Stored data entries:
□ □ □
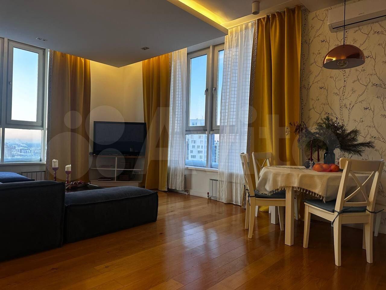 Квартира светлая, с большими панорамными окнами и реальным видом на реку, город и городские достопримечательности. Этаж позволяет наслаждаться панорамой без «окон в окна».
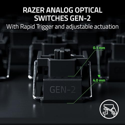 “Blitz through the competition with the Razer Huntsman V3 Pro 8KHz—designed for pros with ultra-fast, highly responsive performance. Featuring Razer Analog Optical Switches Gen-2, this keyboard offers Rapid Trigger for lightning-fast repeated inputs and an adjustable actuation range of 0.1–4.0 mm, ensuring precision with every keystroke. With a 100-million keystroke lifespan, it’s built for durability and performance. Razer Snap Tap technology prioritizes the latest input between two selected keys, allowing for near-instant directional changes and faster execution. Experience true 8000 Hz HyperPolling for near-zero latency, offering a polling rate 8 times faster than the industry standard, giving you a split-second advantage in every game. Make quick onboard adjustments with an LED array indicator to fine-tune actuation height or Rapid Trigger sensitivity, and save settings directly to the keyboard with no software needed. Enjoy an optimized keystroke feel with individually lubricated switches and thick foam dampening to deliver smooth, muted acoustics, keeping you in your flow state. The multi-function digital dial and dedicated control buttons provide convenient management, allowing you to adjust volume and analog switch settings, plus media control and custom macros, all at your fingertips. Elevate your gaming with the keyboard designed to meet the demands of the world’s best players.”
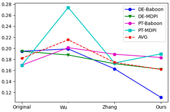 35] between the DCT detection result of the marked image and the DCT detection result of the ground-truth image, with the lower value of the metric being better.
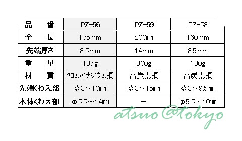 まず仕様を先の大きいネジザウルス(PZ-59)と一番普及している PZ-58と比べて見ていただきます。
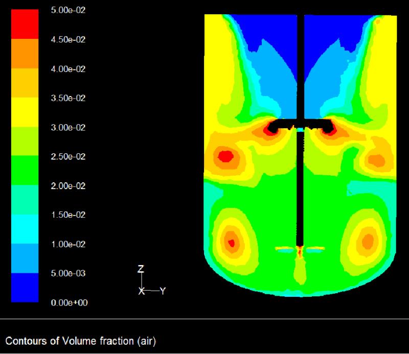 5. 利用下層寬葉仿曲面軸流推進槳大排量的循環,將剛剛噴射出來的氣體,牢牢的壓制在釜體底部,同時也將釜底催化劑固相物料楊起,達到完全懸浮的狀態;
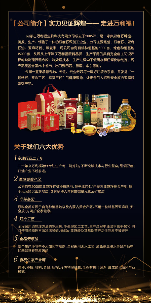 內蒙古萬利福生物科技有限公司作為一家集亞麻籽種植、研發、生產、銷售于一體的亞麻籽深加工企業,期間
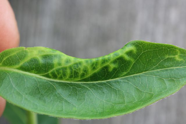 Auf der Blatt-Oberseite sieht man ein 'Muster' aus hellgrünen (gelblichen) Linien, an der Blatt-Unterseite ist der Blattrand leicht eingerollt. Es sind etliche (aber bei weitem nicht alle) Blätter so deformiert.
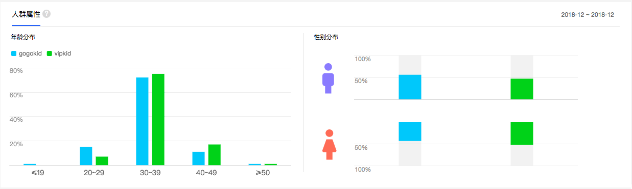 在“人群画像”一栏里,就可以看到两者在地域、年龄、性别上的差异。通过对比,你可能会发现A产品比B产品人群更加年轻化,男性比例也更多一些。
□ □ □
PROBLEM DETAILS:
Please copy every record above exactly, but leave the pictures out.

SOLUTION TO THIS PROBLEM:
 Квартира светлая, с большими панорамными окнами и реальным видом на реку, город и городские достопримечательности. Этаж позволяет наслаждаться панорамой без «окон в окна».
 “Blitz through the competition with the Razer Huntsman V3 Pro 8KHz—designed for pros with ultra-fast, highly responsive performance. Featuring Razer Analog Optical Switches Gen-2, this keyboard offers Rapid Trigger for lightning-fast repeated inputs and an adjustable actuation range of 0.1–4.0 mm, ensuring precision with every keystroke. With a 100-million keystroke lifespan, it’s built for durability and performance. Razer Snap Tap technology prioritizes the latest input between two selected keys, allowing for near-instant directional changes and faster execution. Experience true 8000 Hz HyperPolling for near-zero latency, offering a polling rate 8 times faster than the industry standard, giving you a split-second advantage in every game. Make quick onboard adjustments with an LED array indicator to fine-tune actuation height or Rapid Trigger sensitivity, and save settings directly to the keyboard with no software needed. Enjoy an optimized keystroke feel with individually lubricated switches and thick foam dampening to deliver smooth, muted acoustics, keeping you in your flow state. The multi-function digital dial and dedicated control buttons provide convenient management, allowing you to adjust volume and analog switch settings, plus media control and custom macros, all at your fingertips. Elevate your gaming with the keyboard designed to meet the demands of the world’s best players.”
 35] between the DCT detection result of the marked image and the DCT detection result of the ground-truth image, with the lower value of the metric being better.
 まず仕様を先の大きいネジザウルス(PZ-59)と一番普及している PZ-58と比べて見ていただきます。
 5. 利用下層寬葉仿曲面軸流推進槳大排量的循環,將剛剛噴射出來的氣體,牢牢的壓制在釜體底部,同時也將釜底催化劑固相物料楊起,達到完全懸浮的狀態;
 內蒙古萬利福生物科技有限公司作為一家集亞麻籽種植、研發、生產、銷售于一體的亞麻籽深加工企業,期間
 Auf der Blatt-Oberseite sieht man ein 'Muster' aus hellgrünen (gelblichen) Linien, an der Blatt-Unterseite ist der Blattrand leicht eingerollt. Es sind etliche (aber bei weitem nicht alle) Blätter so deformiert.
 在“人群画像”一栏里,就可以看到两者在地域、年龄、性别上的差异。通过对比,你可能会发现A产品比B产品人群更加年轻化,男性比例也更多一些。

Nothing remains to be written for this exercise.